Problem details >> Task for the records below: please retype exactly and only the lines from the first through the one with "Graceful in the", with every picture omitted.
━━━━━━
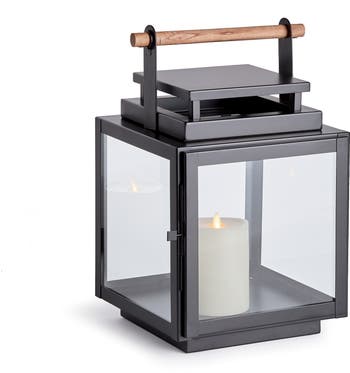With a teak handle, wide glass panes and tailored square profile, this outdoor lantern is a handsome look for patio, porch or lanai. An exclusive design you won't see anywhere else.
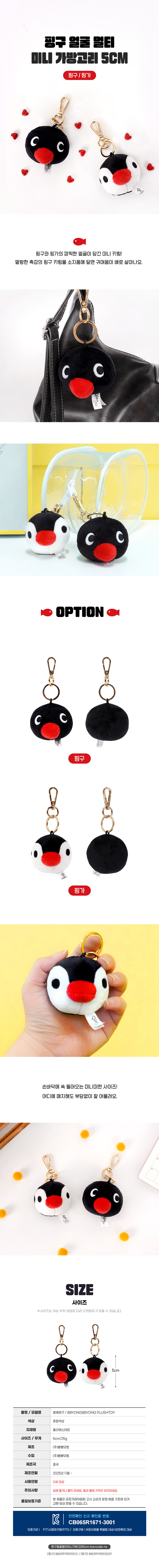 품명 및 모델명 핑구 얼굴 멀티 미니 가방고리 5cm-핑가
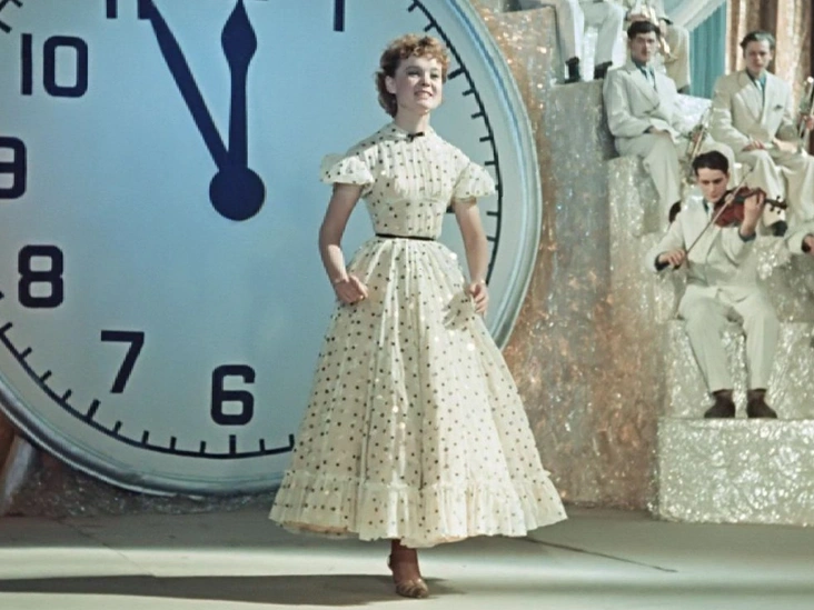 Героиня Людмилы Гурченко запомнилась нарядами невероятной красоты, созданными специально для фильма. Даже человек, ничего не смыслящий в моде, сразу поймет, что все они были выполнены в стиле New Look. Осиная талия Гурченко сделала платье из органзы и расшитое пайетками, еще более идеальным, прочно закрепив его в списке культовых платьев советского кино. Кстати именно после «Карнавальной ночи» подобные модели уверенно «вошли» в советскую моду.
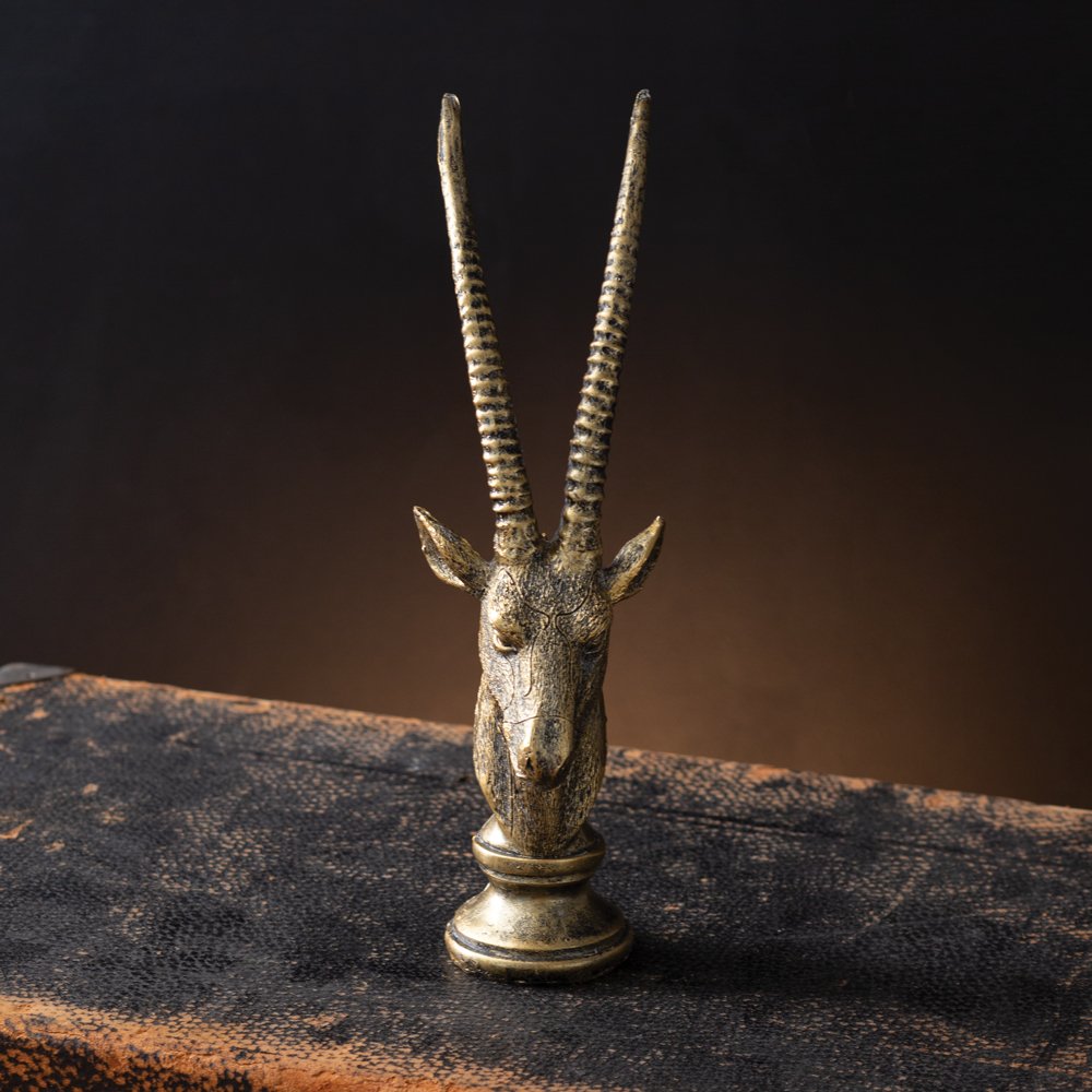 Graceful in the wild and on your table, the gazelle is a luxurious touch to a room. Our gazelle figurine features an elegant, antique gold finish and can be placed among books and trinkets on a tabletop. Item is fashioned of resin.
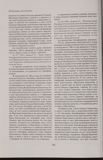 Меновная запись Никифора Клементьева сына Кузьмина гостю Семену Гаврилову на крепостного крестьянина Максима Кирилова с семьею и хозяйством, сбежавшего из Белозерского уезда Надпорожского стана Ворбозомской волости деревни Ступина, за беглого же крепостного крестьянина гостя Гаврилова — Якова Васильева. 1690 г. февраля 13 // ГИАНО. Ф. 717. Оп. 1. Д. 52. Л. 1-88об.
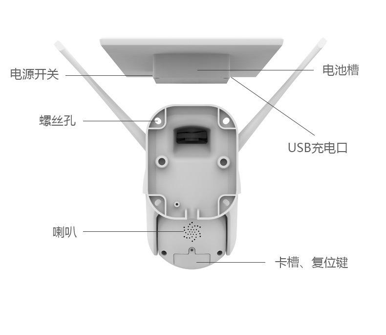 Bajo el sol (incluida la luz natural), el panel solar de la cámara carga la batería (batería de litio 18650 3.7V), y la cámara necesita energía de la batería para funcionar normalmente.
━━━━━━
Output of the task >>
With a teak handle, wide glass panes and tailored square profile, this outdoor lantern is a handsome look for patio, porch or lanai. An exclusive design you won't see anywhere else.
 품명 및 모델명 핑구 얼굴 멀티 미니 가방고리 5cm-핑가
 Героиня Людмилы Гурченко запомнилась нарядами невероятной красоты, созданными специально для фильма. Даже человек, ничего не смыслящий в моде, сразу поймет, что все они были выполнены в стиле New Look. Осиная талия Гурченко сделала платье из органзы и расшитое пайетками, еще более идеальным, прочно закрепив его в списке культовых платьев советского кино. Кстати именно после «Карнавальной ночи» подобные модели уверенно «вошли» в советскую моду.
 Graceful in the wild and on your table, the gazelle is a luxurious touch to a room. Our gazelle figurine features an elegant, antique gold finish and can be placed among books and trinkets on a tabletop. Item is fashioned of resin.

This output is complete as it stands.